Elizabeth Prats|May 3, 2017

This story was co-written by Alyssa Valleau

According to Pew’s Research Center’s 2016 State of the News Media, there has been an audience growth in cable and network news, making satellite media tours (SMTs) a valuable tactic in any PR arsenal. In fact, it’s a tactic we used when launching our award-winning Seekender campaign for Hampton by Hilton.

Satellite media tours offer quick and targeted message penetration nationally or in key markets. When you’re launching a campaign meant to last for a short time period, you need opportunities to disseminate key messages to a wide audience quickly. That’s why SMTs are ideal to support proactive media relations.

Here are some fireproof tips to ensure you have a successful SMT.

1. Prepping for a Satellite Media Tour

You may be surprised by the amount of nitty gritty details to consider before the SMT shoot date.

First of all, mentally prepare yourself and your spokesperson for an early morning. (We’re talking 5 a.m., people). Personally, a coffee with an extra shot of espresso does the trick, but try to make it as easy for the spokesperson as you can because you want the talent to be vibrant and quick thinking.

So, whether it’s providing a much-needed cortadito or scheduling a car service to take them to the studio, make sure the morning starts out on the right foot. Other things to consider beforehand:

  • Review the set and clothing options. Coordinating an SMT, gives you authority on both the appearance of the set and your talent, so make sure you and your client agree upon the setup in advance.
  • Tour the set a day early and make sure to get some snapshots to share with the client. You want to avoid any surprises come the day of the shoot.
  • The same method works well with clothing; having your talent snap a couple quick outfit photos will save you from stress the day-of. Interested in a few quick pointers when it comes to clothing? If you’re using a green screen, just say no to green. Wearing green literally makes the talent disappear, so unless you’re happy with the b-roll playing where the talent’s dress is, avoid green at all costs.
  • Another pro tip? Avoid patterns and flashy accessories. You don’t want an outfit to distract from your brand’s message, so keep it simple and elegant. (Though avoid white as it tends to wash individuals out.)

2. Keeping the Energy Up

So, it’s the day you’ve been planning for. Time to shoot an SMT! Just because the set and clothing options are finalized doesn’t mean that you’re done. There’s still plenty to do while on-site.

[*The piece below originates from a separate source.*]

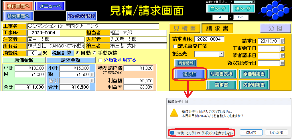 また、見積/請求画面の[請求書]タブの「領収書発行日」欄に、本日の日付を自動入力します。
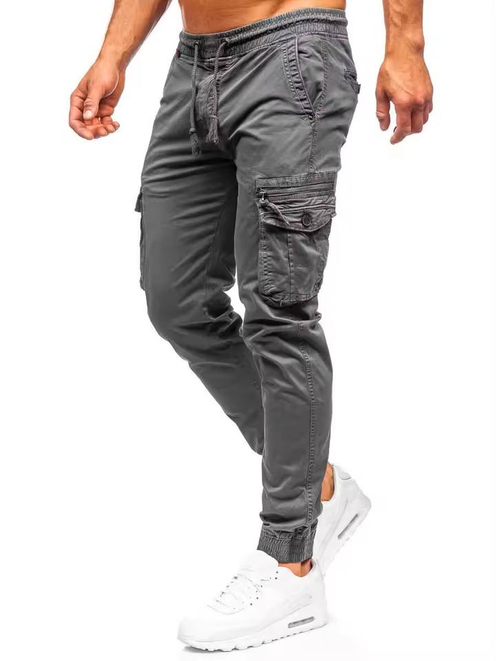 กางเกงวิ่งขายาวมีเชือกรูดสำหรับผู้ชายกางเกงออกกำลังกายแบบลำลองทำจากผ้าฝ้ายสไตล์ใหม่

  • Before the first interview, be sure to create cue cards the talent can reference. We recommend using keywords that can jog a spokesperson’s memory for specific messaging. Make sure you include the call to action!
  • If possible, start with a radio interview, but treat it like you would a TV interview. This gives you a chance to observe the spokesperson’s body language (to make sure they are energized and shake off the nerves), and it’s a great opportunity to fine tune the b-roll that’s scrolling in.
  • Never start with a live interview. Repeat. Never start with a live interview. A spokesperson needs time to warm up. Plus, if you can avoid an interview in a top market until they’ve done at least two or three, that’s ideal.
  • Speaking of body language – and this is essential – make sure your talent isn’t slouching, touching their hair or fidgeting. If they are, point this out during the dry run and remind them throughout filming as necessary.
  • Finally, keep the energy high! After hours of interviews, everyone is tired – but you can’t let the audience see that. Keep the talent energized (healthy snacks and caffeine often do the trick) to ensure seamless interviews throughout the day.

3. Integration is Key

You’ve prepped and prepped some more. Your spokesperson is doing a fabulous job, but don’t forget to look for ways to optimize the experience. Integrating social media into the mix adds even more value to the SMT.

  • Have the brand and spokesperson tease the upcoming shoot on their social media channels.
  • Take some behind-the-scenes photos and share them with the brand for posting.
  • More and more individuals are tuning into Instagram Stories or Facebook Live. Determine which social channel is most ideal depending on your brand and share a behind-the-scenes experience in real-time.

Above all, remember that PR is not ER. There is no life or death situation, so remain calm and your SMT will run smoothly. And keep in mind, your attitude and energy will directly impact your spokesperson. Be supportive and excited and they will be too.